Table of Contents
Advances in Power Electronics
Volume 2015, Article ID 654092, 11 pages
Research Article

Comprehensive Analysis and Experimental Validation of an Improved Mathematical Modeling of Photovoltaic Array

1Department of Electrical and Computer Engineering, National University of Singapore, 4 Engineering Drive 3, Singapore 117583
2Department of Electrical Engineering and Information Technology, ETH Zurich, Rämistrasse 101, 8092 Zurich, Switzerland
3Department of Electrical Engineering, Asian Institute of Technology, Pathumthani 12120, Thailand
4School of Computing, National University of Singapore, 13 Computing Drive, Singapore 117417

Received 26 August 2014; Revised 30 November 2014; Accepted 1 December 2014

Academic Editor: Jose Antenor Pomilio

Copyright © 2015 Satarupa Bal et al. This is an open access article distributed under the Creative Commons Attribution License, which permits unrestricted use, distribution, and reproduction in any medium, provided the original work is properly cited.

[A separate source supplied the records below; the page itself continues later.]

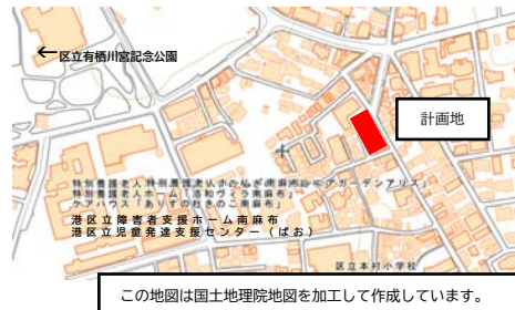
この地図は国土地理院地図を加工して作成しています。
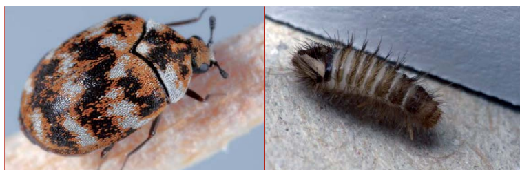
Figura 10. Adulto y larva de desméstidos

Otro orden de insectos cuyos integrantes son sumamente peligrosos para el patrimonio documental son las termitas u hormigas blancas (orden Isoptera) (figuras 11 y 12), las que se pueden clasificar en aquellas de madera húmeda y de madera seca. Estos son insectos sociales, habituales habitantes de bibliotecas de regiones cálidas y húmedas, los cuales, además de producir galerías muy profundas en la cara interna de las tapas, atacan la madera, el cuero, el pergamino de bibliotecas y otras construcciones.
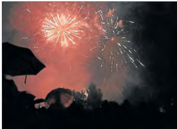
El piromusical de clausura al Parc de les Aigües. CONXI MOLONS

Felip destaca també el gran nombre d'activitats de la programació d'enguany que han comptat amb un «calendari encertat» per la coincidència dels festius 1 i 3 de maig entre setmana, la qual cosa ha donat «continuitat i cohesió a l'ambient festiu». A més, l'Embaraca't, segons l'alcaldessa, també s'ha desenvolupat sense
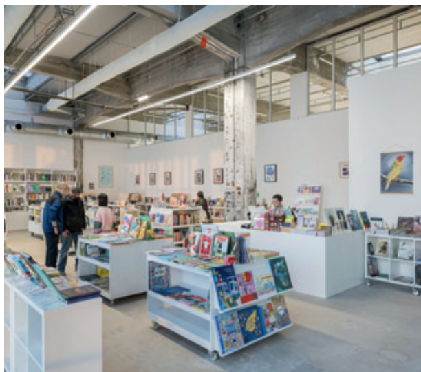
LIBRAIRIE, HAB GALERIE, LE VOYAGE À NANTES
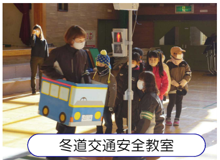
冬道交通安全教室
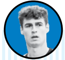
کیا آریسا بالاکا
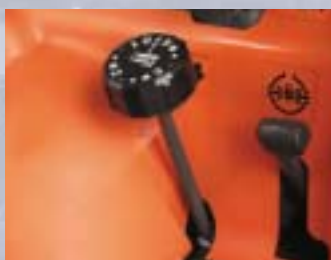
TONDEUSE – AJUSTEMENT DE LA HAUTEUR
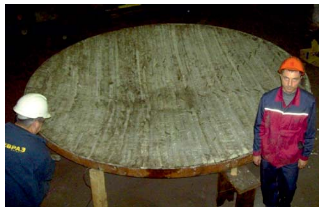
Рис. 2. Крышка шахтной термической печи, футерованная войлоком «мокрым». Компаня «ЕВРАЗ», Колесо-бандажный цех НТМК
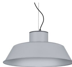
07: RAL 9006 Weißszlig;aluminium
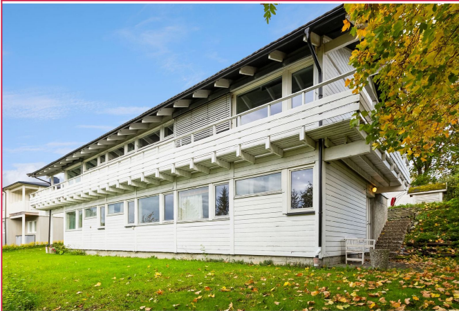
Velkommen til Prestekragevegen 25! Et hyggelig kollektiv med attraktiv beliggenhet på Moholt
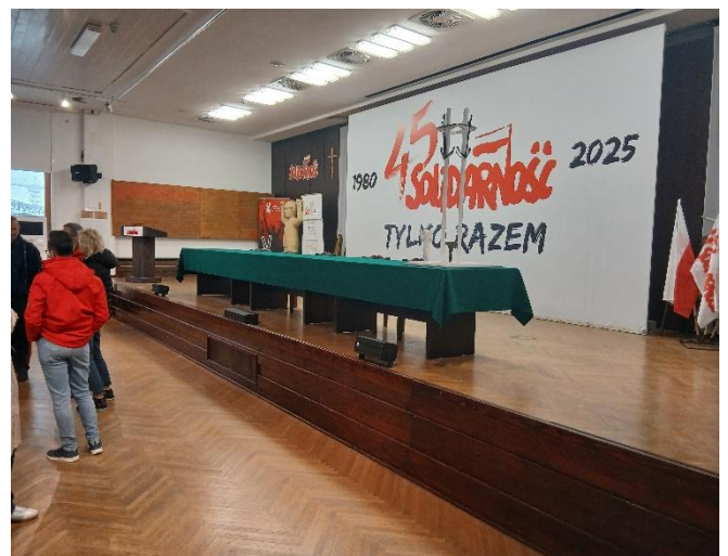
BHP hal, bij de tafel van het 1980 Gdańsk Akkoord
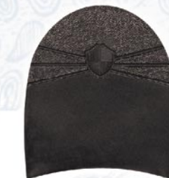
7264 Patník 1–7, tl. 6 mm
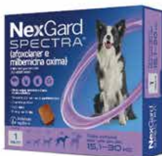
22083 NEXGARD SPECTRA 3 G/30KG 4GR C/3COMP.
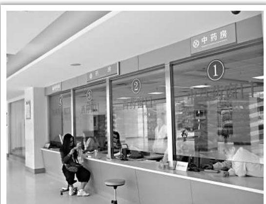
▲深圳民營醫院門庭冷落

同時，公立醫院實施藥品零差價銷售後，虧損部分由政府補貼，民營醫院卻不能享有這種待遇，越辦越窮。
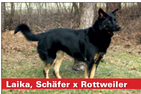
Laika, Schäfer x Rottweiler

Sweety ist eine süsse 10-jährige Hündin, die viel Humor mitbringt. Sie ist eine gute Mäusejägerin und kann sich heute noch für «Ball spielen» begeistern. Aufgrund ihres langen Rückens sollte sie nicht täglich Treppen steigen müssen. Sie hat bis jetzt keine Rückenprobleme. Für die kastrierte Hündin suchen wir Menschen mit einem ruhigeren Haushalt ohne Kleinkinder und Katzen.
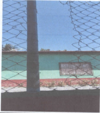
AREA DEL MURO PERIMETRAL DAÑADA, ESTA CORTADO EN VARIAS PARTES
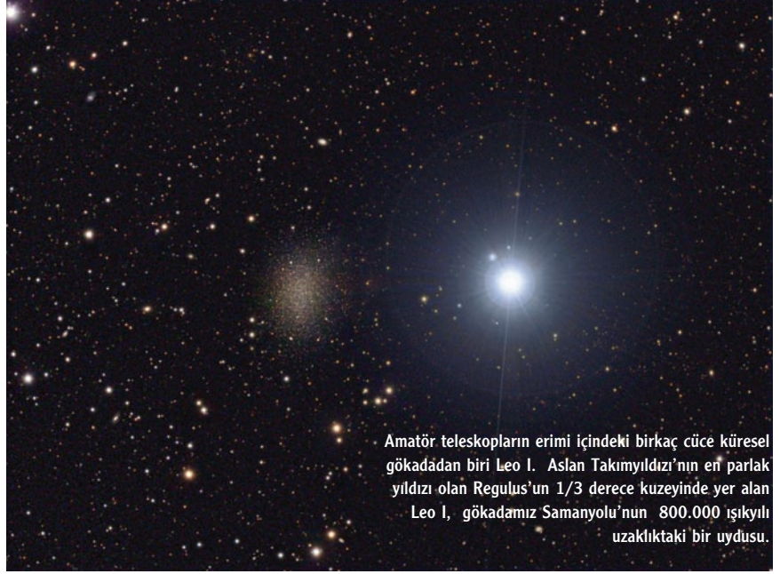
Amatör teleskopların erimi içindeki birkaç cüce küresel gökadanın biri Leo I. Aslan Takımyıldızı'nın en parlak yıldızı olan Regulus'un 1/3 derece kuzeyinde yer alan Leo I, gökadamız Samanyolu'nun 800.000 ışık yılı uzaklıktaki bir uydusudur.

Samanyolu ve komşusu Andromeda gibi büyük gökadalardan çevresinde çok sayıda küçük “küre” biçimli gökada doluyor. Bunlar, yaşlı yıldızlardan oluşmuş seyrek topluluklar. Kuramcılar şimdiye kadar, normalin çok üzerinde karanlık madde içermelerine karşı gazdan yoksun bu küresel cücelerin nasıl oluşabildiklerini açıklayamıyorlardı. Şimdiyse, Zürih Üniversitesi gökbilimcilerinin gerçekleştirdikleri bilgisayar benzetimleri (simulasyon) soruya bir yanıt getirmiş görünüyor. Araştırmacılara göre bunlar da öteki cüce gökadalardan gibi gaz yoğun olarak doğuyorlar. Ama Samanyolu gibi gazca yoğun bir dev gökadanın içinden
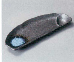
30416-059 青吹き半月仕切皿 1,500円 (30.5×12×2.8cm)
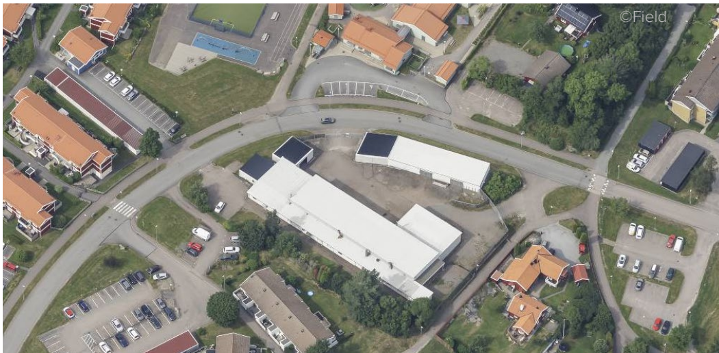
Bild 1. Vy över planområdet idag (vita byggnader i mitten av bilden).

Planområdet är beläget längs Helgonagatan i stadsdelen Munkegårde i Kungälv och omfattar fastigheten Gaffelkremlan 1 samt del av fastigheten Munkegårde 1:1. Befintlig bebyggelse inom planområdet utgörs av industribyggnader.
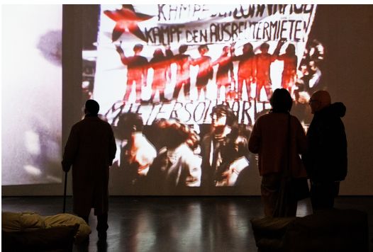
Impressionen der Ausstellungseröffnung »Lutz Mommartz. Der durchsichtige Mensch« im ZKM | Zentrum für Kunst und Medien Karlsruhe, 2023.
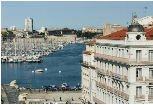
Escale Oceania Marseille 3*
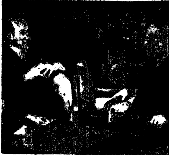
Francuski minister spraw zagranicznych Poincaré przeprowadził odywioną wymianę zdań na temat międzynarodowe z ambasaderem Piaszkim.

This paper proposes a simple, accurate, and easy to model approach for the simulation of photovoltaic (PV) array and also provides a comparative analysis of the same with two other widely used models. It is highly imperative that the maximum power point (MPP) is achieved effectively and thus a simple and robust mathematical model is necessary that poses less mathematical complexity as well as low data storage requirement, in which the maximum power point tracking (MPPT) algorithm can be realized in an effective way. Further, the resemblance of the P-V and I-V curves as obtained on the basis of experimental data should also be taken into account for theoretical validation. In addition, the study incorporates the root mean square deviation (RMSD) from the experimental data, the fill factor (FF), the efficiency of the model, and the time required for simulation. Two models have been used to investigate the I-V and P-V characteristics. Perturb and Observe method has been adopted for MPPT. The MPP tracking is realized using field programmable gate array (FPGA) to prove the effectiveness of the proposed approach. All the systems are modeled and simulated in MATLAB/Simulink environment.